### EXERCISE PROMPT:
Below are lines of records; copy exactly those from the one containing "この橋が架けられた時期は明確" through the one containing "A fürdő zavartalan", leaving the pictures behind.

### RAW DATA:
#####

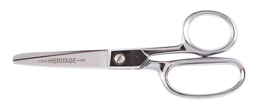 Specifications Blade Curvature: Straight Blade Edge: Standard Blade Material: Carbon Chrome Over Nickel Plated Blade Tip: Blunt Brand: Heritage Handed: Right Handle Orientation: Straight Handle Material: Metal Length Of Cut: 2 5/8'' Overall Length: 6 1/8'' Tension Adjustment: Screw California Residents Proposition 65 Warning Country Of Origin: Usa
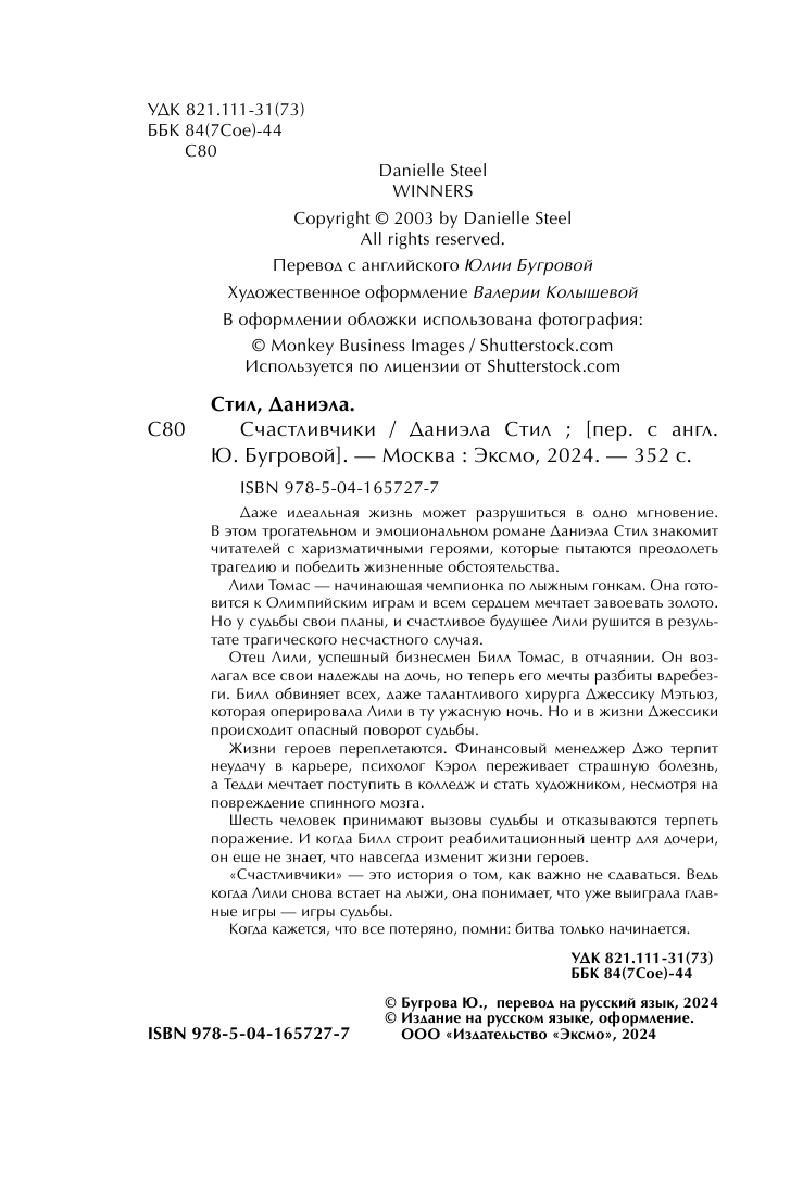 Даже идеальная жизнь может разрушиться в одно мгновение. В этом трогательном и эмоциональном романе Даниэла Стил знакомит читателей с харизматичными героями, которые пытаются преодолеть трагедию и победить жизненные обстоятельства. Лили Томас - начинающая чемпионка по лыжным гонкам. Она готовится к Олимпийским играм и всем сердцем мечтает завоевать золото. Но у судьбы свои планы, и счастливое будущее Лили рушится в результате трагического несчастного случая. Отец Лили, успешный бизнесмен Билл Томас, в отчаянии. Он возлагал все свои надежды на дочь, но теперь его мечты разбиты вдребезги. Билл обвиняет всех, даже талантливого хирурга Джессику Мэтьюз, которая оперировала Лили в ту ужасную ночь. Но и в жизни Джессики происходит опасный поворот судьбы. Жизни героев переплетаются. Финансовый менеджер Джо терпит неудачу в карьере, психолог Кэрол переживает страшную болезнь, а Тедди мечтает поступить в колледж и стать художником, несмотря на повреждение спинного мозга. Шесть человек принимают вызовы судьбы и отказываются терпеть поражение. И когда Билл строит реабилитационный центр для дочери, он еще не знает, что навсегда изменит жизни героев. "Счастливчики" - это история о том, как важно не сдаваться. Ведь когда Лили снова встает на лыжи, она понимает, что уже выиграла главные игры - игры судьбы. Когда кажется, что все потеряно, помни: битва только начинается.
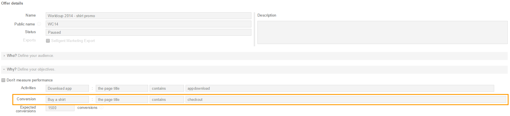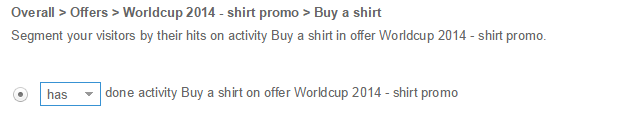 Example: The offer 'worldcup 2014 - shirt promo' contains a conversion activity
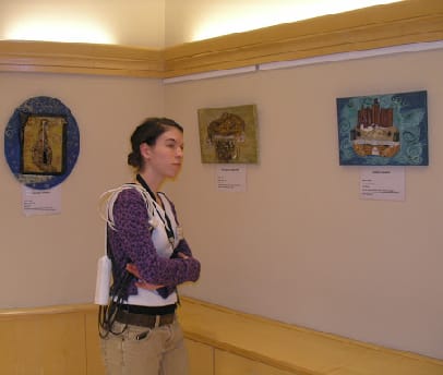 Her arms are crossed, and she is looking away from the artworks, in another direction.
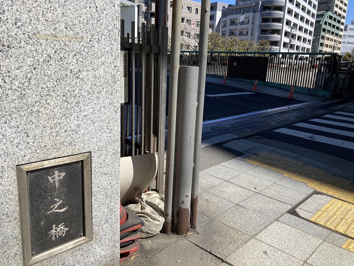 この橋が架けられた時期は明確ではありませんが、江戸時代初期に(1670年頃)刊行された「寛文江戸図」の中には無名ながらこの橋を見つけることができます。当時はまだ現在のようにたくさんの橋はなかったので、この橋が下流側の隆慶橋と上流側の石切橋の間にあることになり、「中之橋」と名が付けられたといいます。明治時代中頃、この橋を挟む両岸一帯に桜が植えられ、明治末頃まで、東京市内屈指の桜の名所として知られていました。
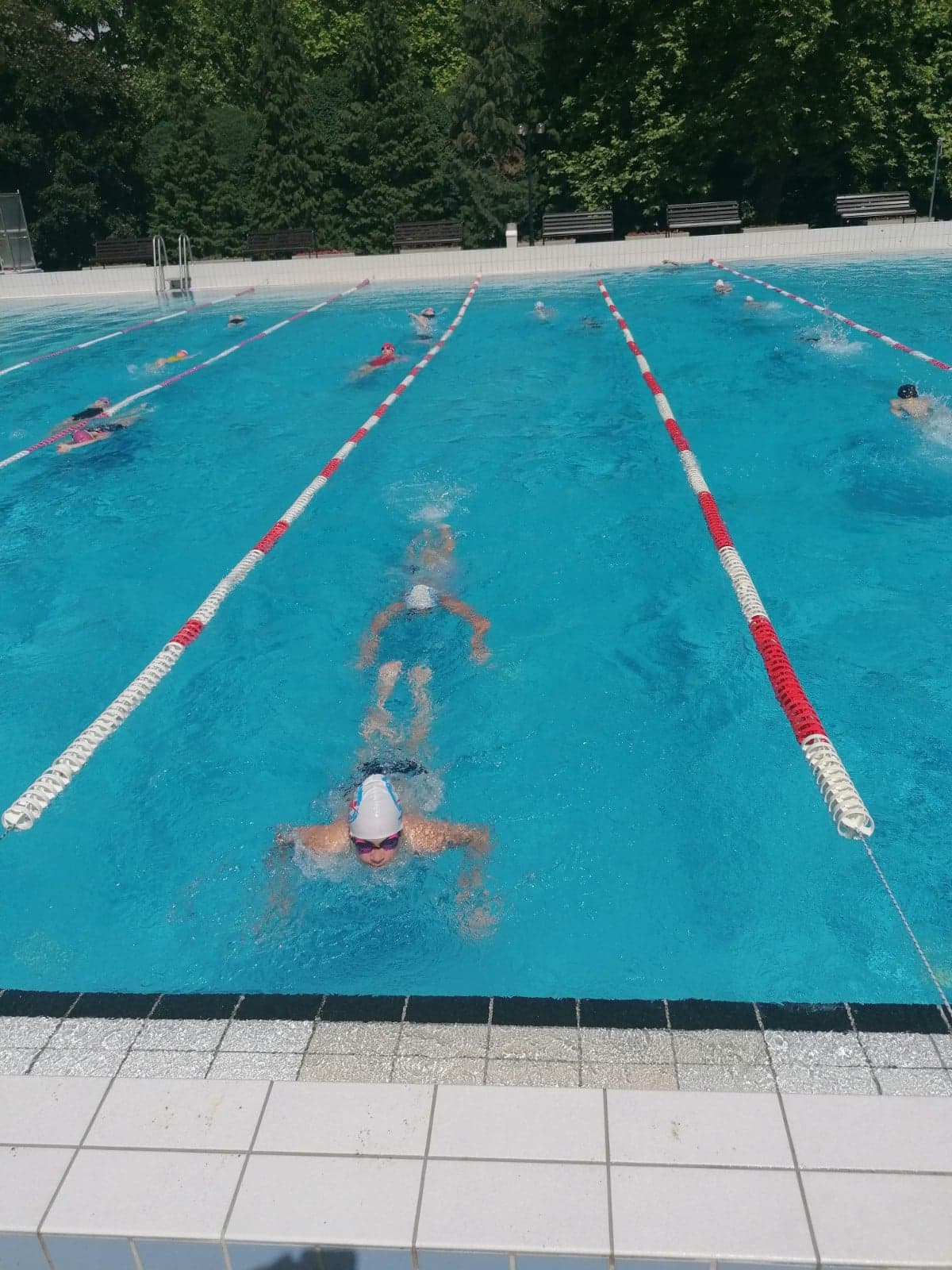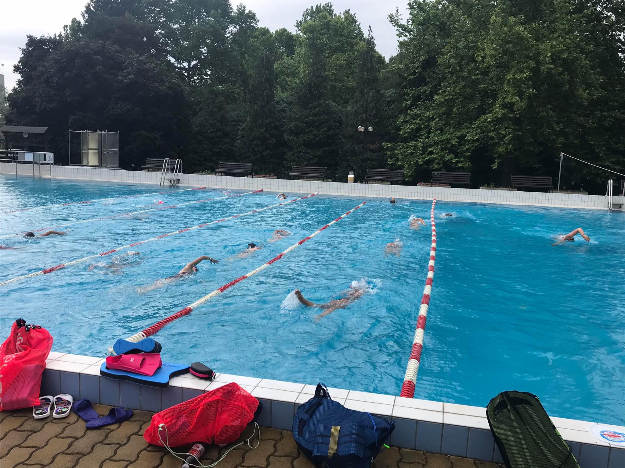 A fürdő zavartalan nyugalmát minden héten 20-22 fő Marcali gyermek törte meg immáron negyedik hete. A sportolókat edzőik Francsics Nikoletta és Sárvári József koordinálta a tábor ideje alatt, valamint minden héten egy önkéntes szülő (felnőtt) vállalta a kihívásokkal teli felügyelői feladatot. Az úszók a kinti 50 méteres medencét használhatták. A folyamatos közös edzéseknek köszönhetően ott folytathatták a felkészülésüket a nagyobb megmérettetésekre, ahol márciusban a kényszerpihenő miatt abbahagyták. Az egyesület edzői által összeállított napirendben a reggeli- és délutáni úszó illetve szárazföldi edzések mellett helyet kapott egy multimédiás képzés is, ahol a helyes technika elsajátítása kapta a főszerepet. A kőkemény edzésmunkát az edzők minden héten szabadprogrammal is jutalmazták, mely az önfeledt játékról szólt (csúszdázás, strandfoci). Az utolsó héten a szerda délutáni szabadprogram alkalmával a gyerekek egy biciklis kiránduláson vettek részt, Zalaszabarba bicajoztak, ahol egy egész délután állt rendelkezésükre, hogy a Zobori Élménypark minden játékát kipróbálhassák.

#####

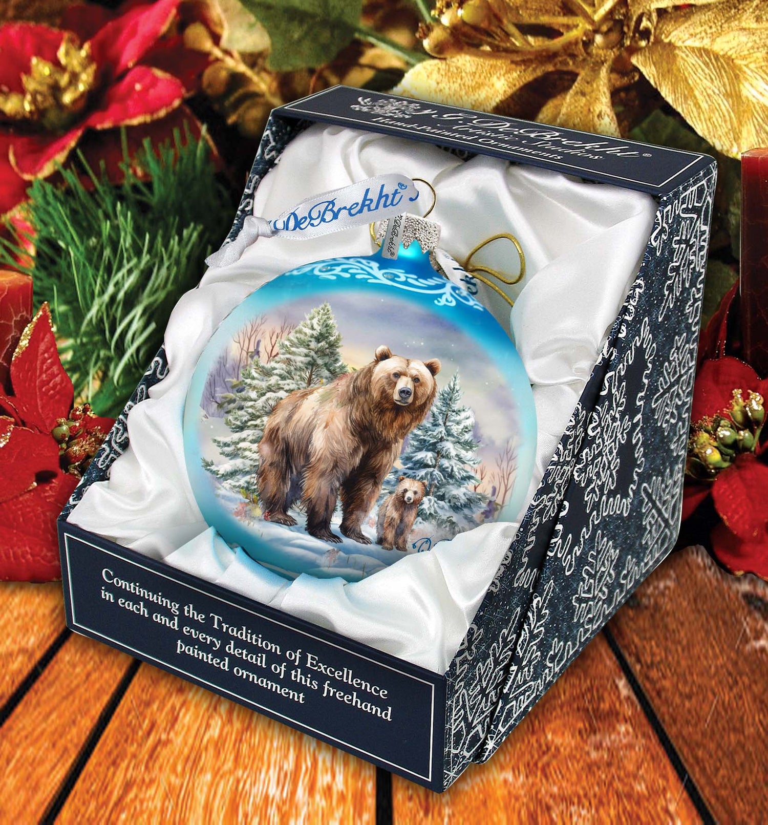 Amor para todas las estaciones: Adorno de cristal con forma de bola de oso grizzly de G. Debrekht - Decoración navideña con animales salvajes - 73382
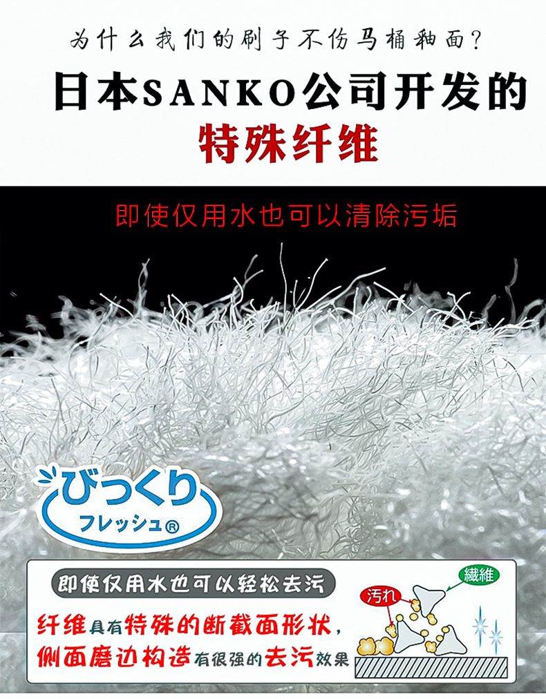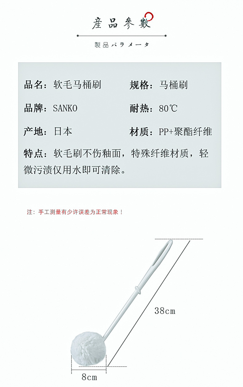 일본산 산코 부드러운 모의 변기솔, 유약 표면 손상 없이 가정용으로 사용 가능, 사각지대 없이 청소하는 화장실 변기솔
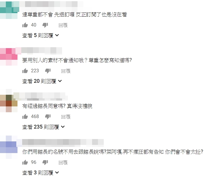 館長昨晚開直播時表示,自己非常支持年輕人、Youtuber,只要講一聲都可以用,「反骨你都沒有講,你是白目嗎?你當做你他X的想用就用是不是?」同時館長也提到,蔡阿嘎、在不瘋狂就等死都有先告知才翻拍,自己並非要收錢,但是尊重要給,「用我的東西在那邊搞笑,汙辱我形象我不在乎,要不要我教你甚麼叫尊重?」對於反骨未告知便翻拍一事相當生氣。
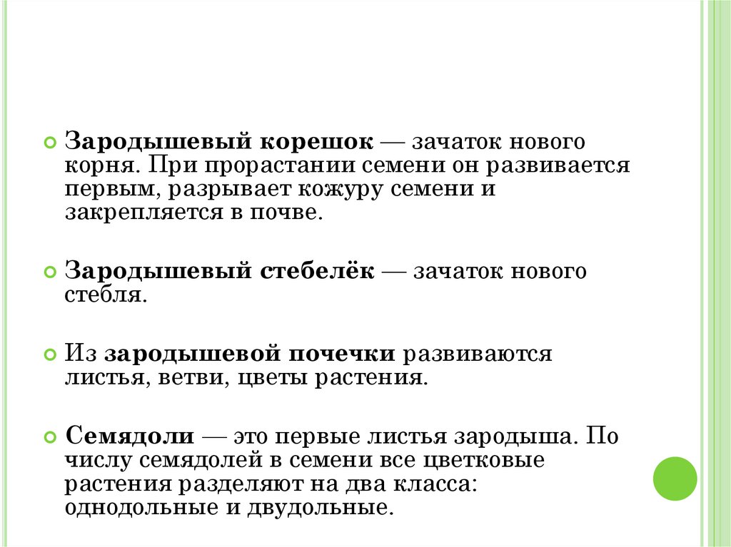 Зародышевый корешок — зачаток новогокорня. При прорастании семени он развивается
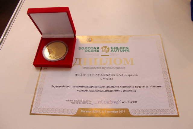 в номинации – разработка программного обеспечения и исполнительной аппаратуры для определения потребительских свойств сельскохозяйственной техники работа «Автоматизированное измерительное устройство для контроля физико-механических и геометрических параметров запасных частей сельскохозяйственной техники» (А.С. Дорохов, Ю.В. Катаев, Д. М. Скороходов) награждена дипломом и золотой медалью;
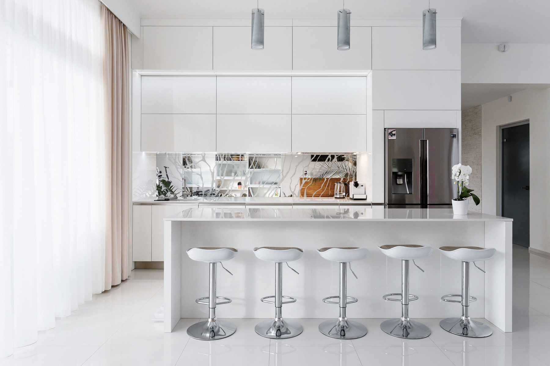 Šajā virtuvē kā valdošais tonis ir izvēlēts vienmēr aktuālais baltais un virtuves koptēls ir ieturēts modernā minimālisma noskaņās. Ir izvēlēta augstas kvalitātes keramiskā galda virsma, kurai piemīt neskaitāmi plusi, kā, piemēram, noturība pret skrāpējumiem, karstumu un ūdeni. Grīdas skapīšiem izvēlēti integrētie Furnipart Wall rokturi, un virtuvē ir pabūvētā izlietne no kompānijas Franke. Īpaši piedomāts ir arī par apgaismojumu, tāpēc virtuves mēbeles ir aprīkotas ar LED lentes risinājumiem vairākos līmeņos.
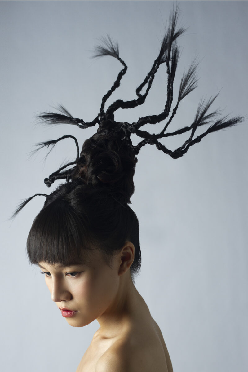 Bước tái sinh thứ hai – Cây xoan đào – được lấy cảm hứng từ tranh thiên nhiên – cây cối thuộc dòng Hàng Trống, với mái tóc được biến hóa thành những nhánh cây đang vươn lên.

#####

### ANSWER TO THIS EXERCISE:
 この橋が架けられた時期は明確ではありませんが、江戸時代初期に(1670年頃)刊行された「寛文江戸図」の中には無名ながらこの橋を見つけることができます。当時はまだ現在のようにたくさんの橋はなかったので、この橋が下流側の隆慶橋と上流側の石切橋の間にあることになり、「中之橋」と名が付けられたといいます。明治時代中頃、この橋を挟む両岸一帯に桜が植えられ、明治末頃まで、東京市内屈指の桜の名所として知られていました。
 A fürdő zavartalan nyugalmát minden héten 20-22 fő Marcali gyermek törte meg immáron negyedik hete. A sportolókat edzőik Francsics Nikoletta és Sárvári József koordinálta a tábor ideje alatt, valamint minden héten egy önkéntes szülő (felnőtt) vállalta a kihívásokkal teli felügyelői feladatot. Az úszók a kinti 50 méteres medencét használhatták. A folyamatos közös edzéseknek köszönhetően ott folytathatták a felkészülésüket a nagyobb megmérettetésekre, ahol márciusban a kényszerpihenő miatt abbahagyták. Az egyesület edzői által összeállított napirendben a reggeli- és délutáni úszó illetve szárazföldi edzések mellett helyet kapott egy multimédiás képzés is, ahol a helyes technika elsajátítása kapta a főszerepet. A kőkemény edzésmunkát az edzők minden héten szabadprogrammal is jutalmazták, mely az önfeledt játékról szólt (csúszdázás, strandfoci). Az utolsó héten a szerda délutáni szabadprogram alkalmával a gyerekek egy biciklis kiránduláson vettek részt, Zalaszabarba bicajoztak, ahol egy egész délután állt rendelkezésükre, hogy a Zobori Élménypark minden játékát kipróbálhassák.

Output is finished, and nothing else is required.